Stability of slopes in Fissured Stiff Clay
Stability of slopes in Fissured Stiff Clay
(OP)
We are designing a widening of a road to become a motorway. The cut sections for widening have heights of 6-8 m. The existing slopes have been stable for about 30 years with a 2:1 slope, and the cut for widening will create the same side slope. the clay has cu=84kPa, c' =21 kPa & Phi'=22 Degrees. I estimated Phi' critical state from the q-P plot and found it to be about 27.5 degrees. The minimum Factor of Safety against slope failure is 1.3, and this cannot be fulfilled, if we use Phi'_critical state, without assuming a small adhesion of c'=2kPa. My questions are:
1- Is assuming c'=2kPa acceptable so as I use the soil critical state shear strength parameters (Critical State Soil Mechanics assume c'=0 at critical state), especialy the existing slopes haven't failed and have been there for 30 years?
2- How to take into consideration the fissures in the clay (and the laminations in a laminated clay, if any)?
3- Do, I have to asume a minimum surcharge, as we do in the limit state design of reinforced slopes, retaining walls, ...etc?, or with the Partial safety factor of 1.3, such a surcharge is not needed?
Thank you
1- Is assuming c'=2kPa acceptable so as I use the soil critical state shear strength parameters (Critical State Soil Mechanics assume c'=0 at critical state), especialy the existing slopes haven't failed and have been there for 30 years?
2- How to take into consideration the fissures in the clay (and the laminations in a laminated clay, if any)?
3- Do, I have to asume a minimum surcharge, as we do in the limit state design of reinforced slopes, retaining walls, ...etc?, or with the Partial safety factor of 1.3, such a surcharge is not needed?
Thank you





RE: Stability of slopes in Fissured Stiff Clay
good luck
RE: Stability of slopes in Fissured Stiff Clay
I would like to ask you whether you have to use a minimum surcharge in the slope stability analysis or not?

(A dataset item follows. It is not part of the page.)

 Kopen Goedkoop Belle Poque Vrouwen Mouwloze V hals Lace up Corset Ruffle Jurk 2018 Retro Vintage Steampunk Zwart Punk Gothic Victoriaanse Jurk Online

RE: Stability of slopes in Fissured Stiff Clay
RE: Stability of slopes in Fissured Stiff Clay
In Canada we use both limit states and servicability limit states for provincial and federal projects. Don't ask me why, except that some people like to have a foot in each to protect each of their feet.
jim
RE: Stability of slopes in Fissured Stiff Clay
Fissured clays?
After a recent review of Fang's Handbook, I found a couple of references, which reccomend to reduce Su by 75% or 50% if clay is fissured.

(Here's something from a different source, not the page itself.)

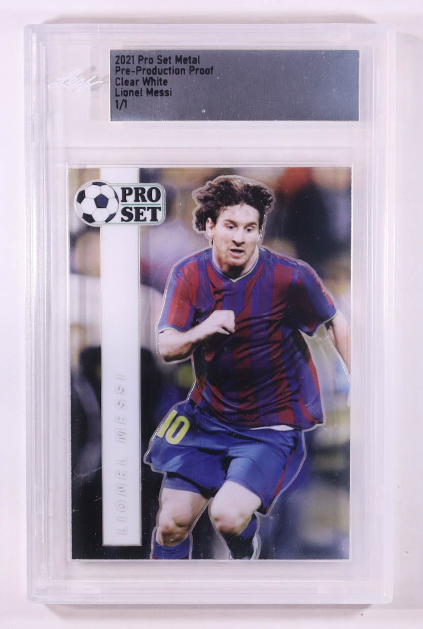 Lionel Messi 2021 Pro Set Metal Pre-Production Proof Clear White #NNO 1/1 (Leaf)

Laminations? I'm not aware of any suggestions, other than common sense: lamination= anisotropy, so if the visible laminations correspond to weaker silty and very thin layers, you might have a preferencial direction for the failure surface. And for drainage.
Do you use EC7 characteristic values in UK for slope + foundations design? (conservative estimates of resistance parameters?)

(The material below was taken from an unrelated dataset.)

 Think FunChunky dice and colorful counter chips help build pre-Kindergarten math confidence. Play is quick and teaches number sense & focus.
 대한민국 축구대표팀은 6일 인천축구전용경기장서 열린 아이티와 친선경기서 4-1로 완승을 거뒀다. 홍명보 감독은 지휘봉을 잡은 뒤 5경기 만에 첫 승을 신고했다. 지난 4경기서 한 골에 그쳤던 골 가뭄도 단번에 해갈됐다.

Do you follow EC8 guidelines for limit state slope stability
analysis?
One thing which is worrying everyone here in Italy is that, in strongly seismic areas and by limit state design in pseudo-static conditions, slopes will almost inevitably turn out to be unstable.
It's a known fact that pseudo-static is conservative, but coupled with characteristic values and strong inertial forces analysis are becoming atrocious.
I see only 2 ways out:
1) Fully probabilistic analysis
2) Newmark method
I never tried the latter. As far as I knmow, you have a displacement as an output. That's an added difficulty, because if the block displaces, it's not stable, at least in terms of regulatoy semantics.
No, out here we never apply a surcharge. Neither EC8 reccomends such practice.